Remove Duplicates from Sorted Array

Follow up for "Remove Duplicates": What if duplicates are allowed at most twice?

For example, Given sorted array nums = [1,1,1,2,2,3],

Your function should return length = 5, with the first five elements of nums being 1, 1, 2, 2 and 3. It doesn't matter what you leave beyond the new length.

Solution: Using selection sort with a flag

We use a flag to mark whether the duplicate has appeared twice, if so we can remove the new element.

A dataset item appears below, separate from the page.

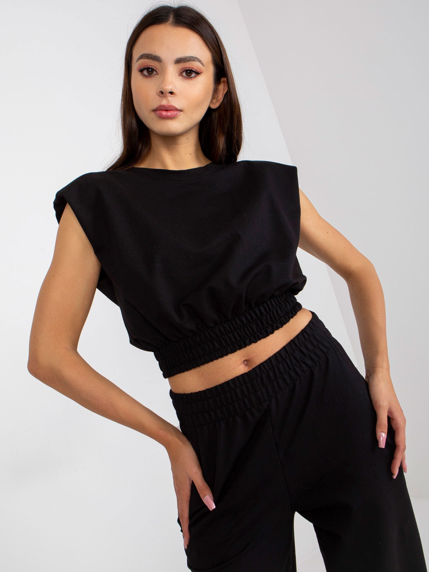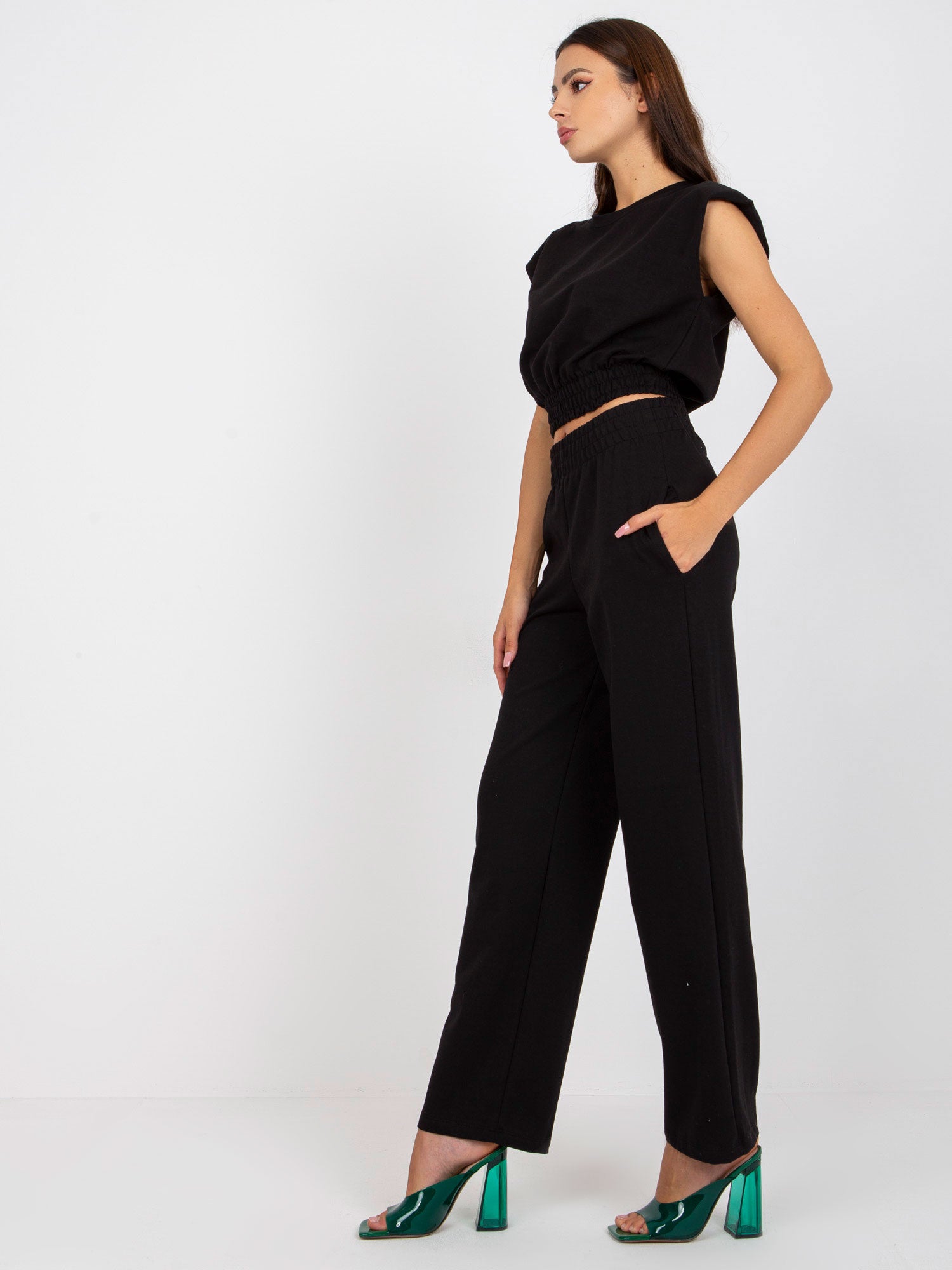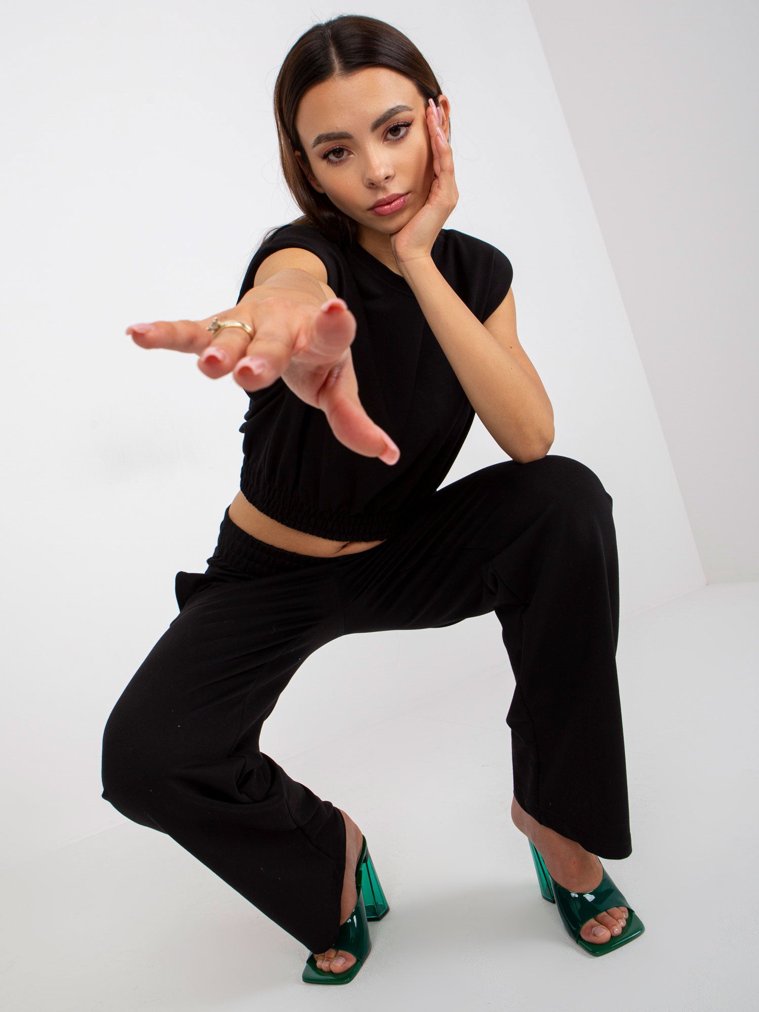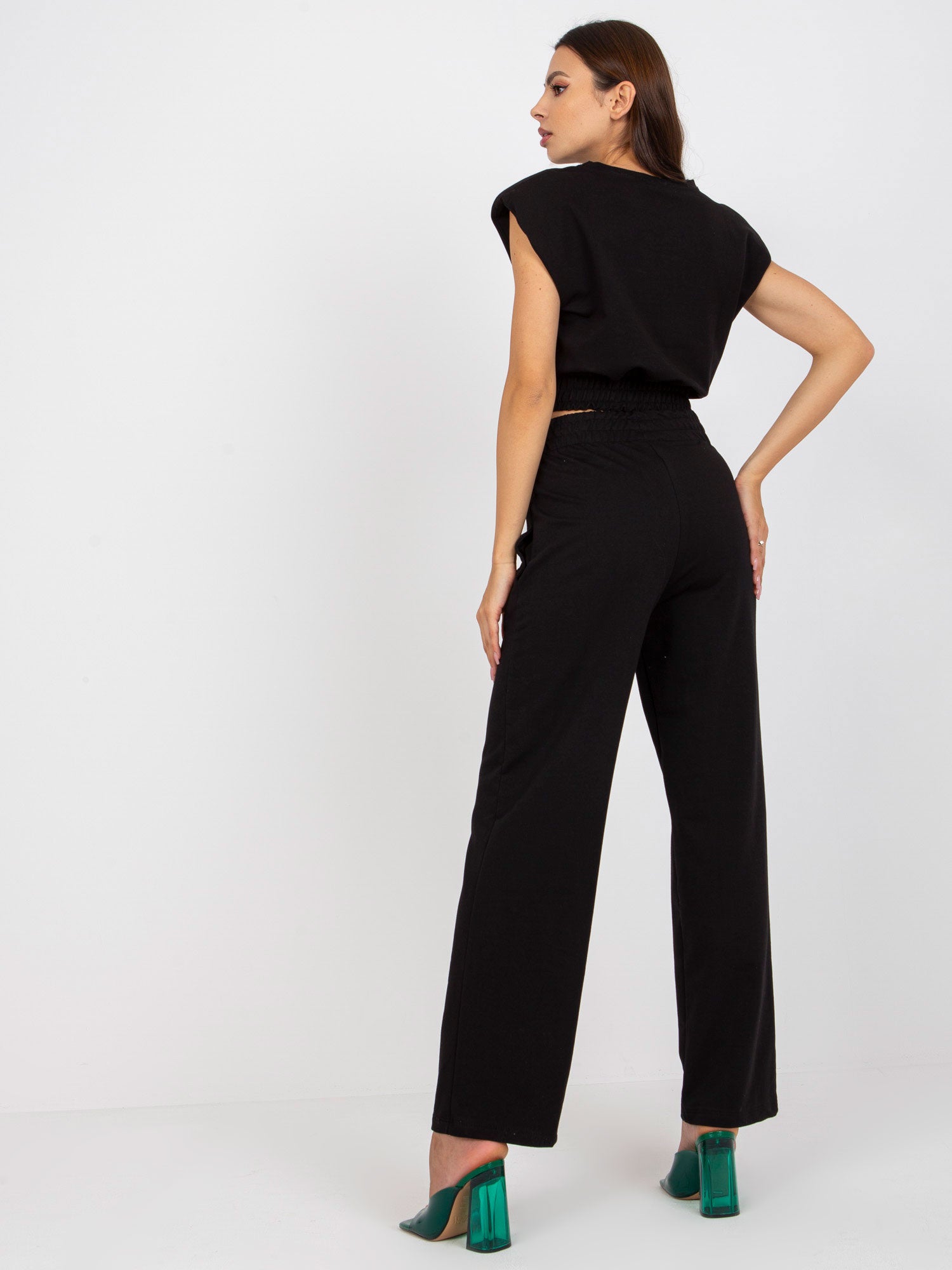 Wymiary kompletu w rozmiarze S mierzone na płasko: szerokość bluzki pod pachami - 47 cm, długość bluzki - 44 cm, szerokość spodni w pasie - 34 cm, wysokość stanu - 31 cm, długość spodni - 103 cm.

int removeDuplicates(vector<int>& nums) {
    if(nums.empty()) return 0;

    bool flag = false;
    int index = 0;
    for(int i=1; i<nums.size(); i++) {
        if(nums[index] < nums[i]) {
            index += 1;
            swap(nums[index], nums[i]);
            flag = false;
        } else if(!flag) {
            index += 1;
            swap(nums[index], nums[i]);
            flag = true;
        }
    }
    return index+1;
}

Solution: Using simple compare

We can just compare the element with the second last element, because the last two element might be the same. In this way, we can ensure that there won't be more than two duplicate.

int removeDuplicates(vector<int>& nums) {
    int index = 0;
    for(auto num: nums) {
        if(index < 2 || nums[index-2] < num) {
            nums[index++] = num;
        }
    }
    return index;
}